• _Problem to work on_
Everything in the listing should be set down exactly, apart from the pictures.

##### Supplied data

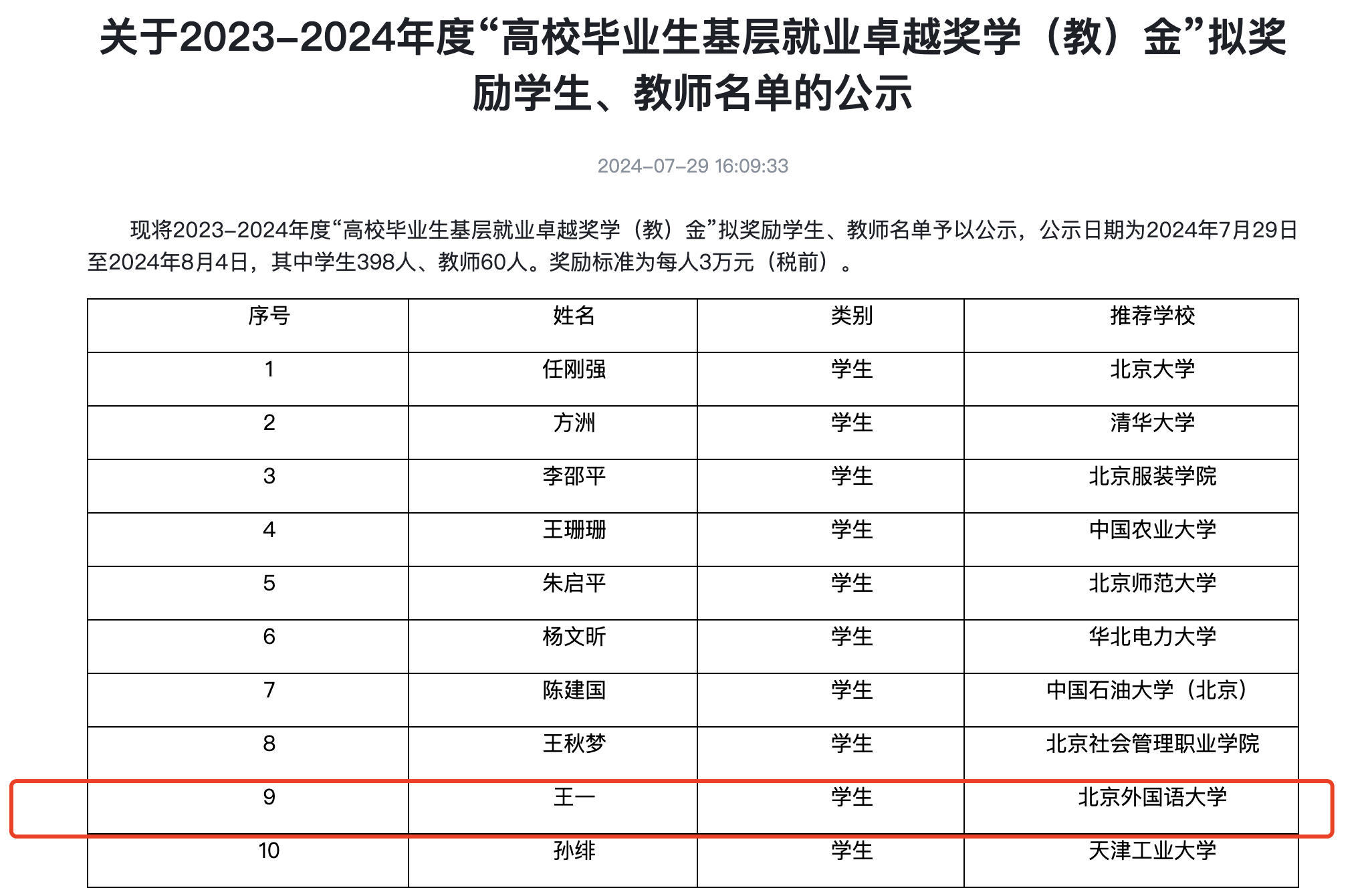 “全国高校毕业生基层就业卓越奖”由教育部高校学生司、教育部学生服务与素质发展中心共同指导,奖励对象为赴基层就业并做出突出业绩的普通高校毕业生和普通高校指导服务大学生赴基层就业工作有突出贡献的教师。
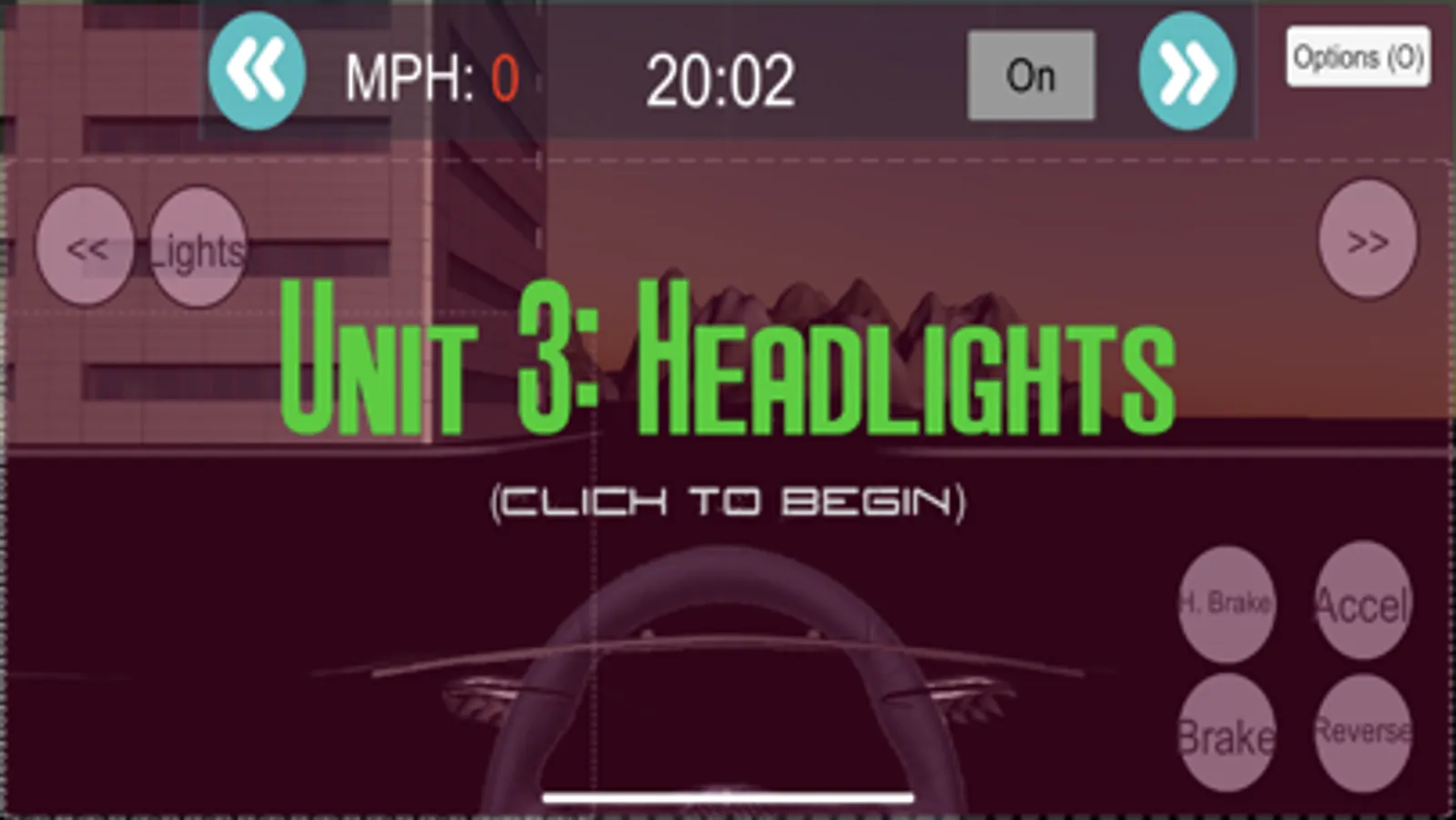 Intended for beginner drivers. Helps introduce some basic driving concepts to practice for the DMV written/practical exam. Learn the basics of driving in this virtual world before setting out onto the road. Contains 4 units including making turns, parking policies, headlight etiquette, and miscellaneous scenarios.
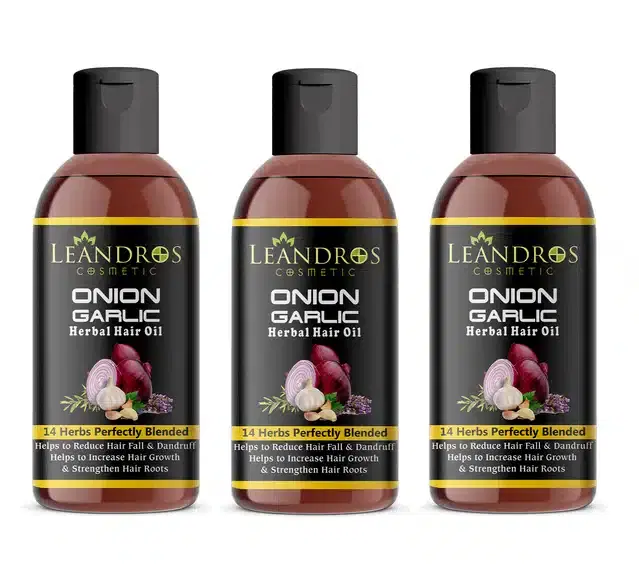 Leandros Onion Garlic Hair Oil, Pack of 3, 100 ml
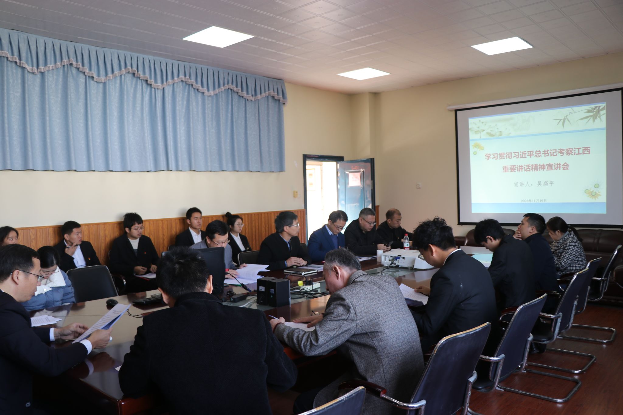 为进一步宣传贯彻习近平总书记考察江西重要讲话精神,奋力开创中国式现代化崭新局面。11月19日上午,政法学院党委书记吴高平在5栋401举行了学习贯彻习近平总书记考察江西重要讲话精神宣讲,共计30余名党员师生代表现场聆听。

##########

• _Response_
 “全国高校毕业生基层就业卓越奖”由教育部高校学生司、教育部学生服务与素质发展中心共同指导,奖励对象为赴基层就业并做出突出业绩的普通高校毕业生和普通高校指导服务大学生赴基层就业工作有突出贡献的教师。
 Intended for beginner drivers. Helps introduce some basic driving concepts to practice for the DMV written/practical exam. Learn the basics of driving in this virtual world before setting out onto the road. Contains 4 units including making turns, parking policies, headlight etiquette, and miscellaneous scenarios.
 Leandros Onion Garlic Hair Oil, Pack of 3, 100 ml
 为进一步宣传贯彻习近平总书记考察江西重要讲话精神,奋力开创中国式现代化崭新局面。11月19日上午,政法学院党委书记吴高平在5栋401举行了学习贯彻习近平总书记考察江西重要讲话精神宣讲,共计30余名党员师生代表现场聆听。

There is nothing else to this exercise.